Les Chemises rouges se sont opposées au gouvernement illégitime de M. Abhisit en manifestatant plusieurs reprises. Les Chemises rouges sont devenues le plus grand mouvement populaire en Thaïlande. Dans le même temps, la société thaïlandaise s’est divisée en deux camps les Chemises jaunes et les Chemises rouges. Le dernier grand rallye des Chemises rouges du 12 mars au 19 mai 2010, a été écrasé par l’armée, entraînant 91 morts et 2000 blessés et 400 arrestations. Néanmoins, le parti politique qu’ils soutiennent, le Pheua Thaï, a remporté la majorité absolue lors des dernières élections générales du 3 Juillet 2011 ; Ms.Yingluk Shinawatra est devenue la première femme Premier ministre de Thaïlande. Suite à l’implication politique du Conseil royal privé, dont le président escorta la junte militaire pour une audience avec le roi, à minuit il y a 5 ans, il y a eu beaucoup de critiques contre l’aristocratie y compris la monarchie qui n’avait jamais vu auparavant. En conséquences, des centaines de personnes ont été inculpées et arrêtées pour avoir violé la loi de lèse-majesté, l’article 112 du code pénal thaïlandais.

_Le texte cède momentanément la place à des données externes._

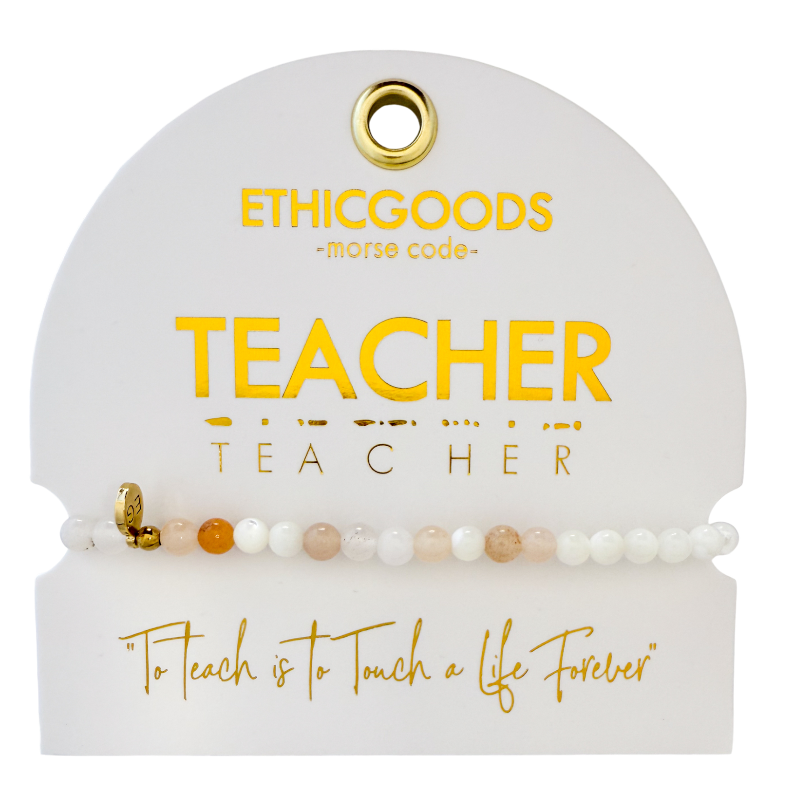 How to read your jewelry: A Morse Code dot is one bead and a dash is two beads in the alternating color. Start at the small gold spacer bead and follow the Morse Code spelling around the bracelet!

De plus, les Thaïlandais ont souvent entendu les rumeurs d’un nouveau coup d’Etat. Plus important encore, la crise politique qui a existé pendant plus de cinq ans se poursuit. Les gens dans la haute société, et ceux de la classe moyenne qui ne croient pas en la démocratie, et qui méprisent les partis politiques et les politiciens, ne sont pas près de respecter la volonté du peuple. Ils n’acceptent pas la défaite de la dernière élection générale et unissent leurs forces contre le gouvernement de toutes les manières qu’ils peuvent – pacifique ou violente, ouverte ou clandestine–, appelant même à un coup d’Etat.

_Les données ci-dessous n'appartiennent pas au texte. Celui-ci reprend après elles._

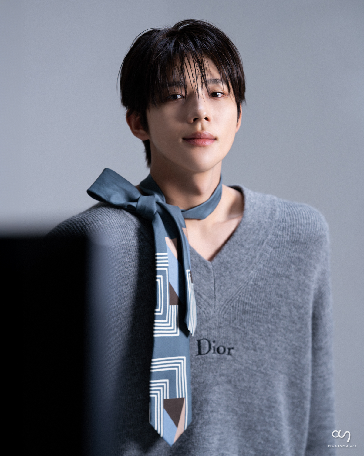 또 다른 비하인드 컷에서는 그레이 톤 니트에 패션 스카프를 매치한 스타일링으로 차분하면서도 세련된 이미지를 그려냈다. 부드럽게 떨어지는 니트의 질감과 목선을 따라 흐르는 스카프 디테일이 어우러지며 미니멀한 스타일에 감각적인 포인트를 더한 것. 과하지 않은 연출 속에서도 자연스럽게 이목을 집중시키는 섬세한 표현력이 돋보였다.

Cette confrontation ne peut plus être catégorisés comme un simple conflit entre les partisans ruraux de Thaksin et de l’élite fortunée de Bangkok. Elle est devenue une lutte socio-politique et idéologique entre ceux qui luttent pour la démocratie et ceux qui ont intérêt à maintenir le statu quo autocratique. Il ne peut y avoir aucun doute que la Thaïlande doive aller au-delà de la violence et œuvrer à la réconciliation nationale. Pour une solution politique immédiate, la Thaïlande a besoin d’une Commission pour l’observance de l’état de droit et d’une Commission indépendante Vérité et Réconciliation. Le nouveau gouvernement doit avoir une politique d’amnistie claire pour toutes les victimes de persécution politique et le Parlement doit s’impliquer dans l’élaboration d’une nouvelle Constitution démocratique.

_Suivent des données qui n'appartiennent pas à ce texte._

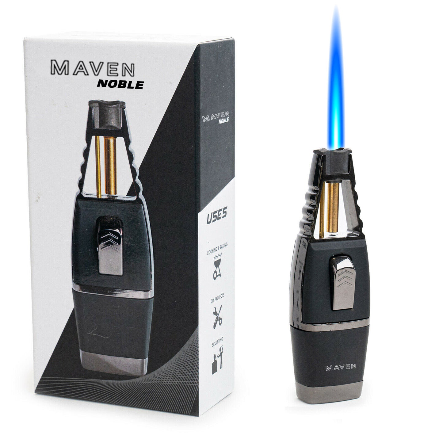 Get ready to light up your life with The Maven Noble Torch! With a single windproof jet flame and adjustable flame feature, this handheld torch is perfect for any situation. Refillable with butane and equipped with a safety lock and push button ignition, you'll always have a reliable and safe source of fire. Don't miss out on this must-have tool! Available in black or red!

°°°°°°°°°°°°°°°°°°°°°°°°°°°°°°°°°°°°°°°°°°°°°°°°°°°°°°°°°°°°°°°°°°°°° M. Jaran Ditapichai, ancien Commissaire national des droits de la Thaïlande, a été impliqué dans les mouvements populaires pour la démocratie et des droits humains depuis 40 ans. Avant le 14 Octobre 1973, il était un leader étudiant et promoteur de la démocratie contre les gouvernements militaires thaïlandais. Après le meurtre de masse des étudiants le 6 Octobre 1976, il rejoint le mouvement révolutionnaire dans les campagnes. Au cours des 20 dernières années, il a été un défenseur des droits humains. Il a été arrêté au Myanmar en août 1988 pour avoir défendu la démocratie. Maintenant, il est un dirigeant du Front uni pour la démocratie contre la dictature (UDD) et est sous le coup de 2 mandats d’arrêt.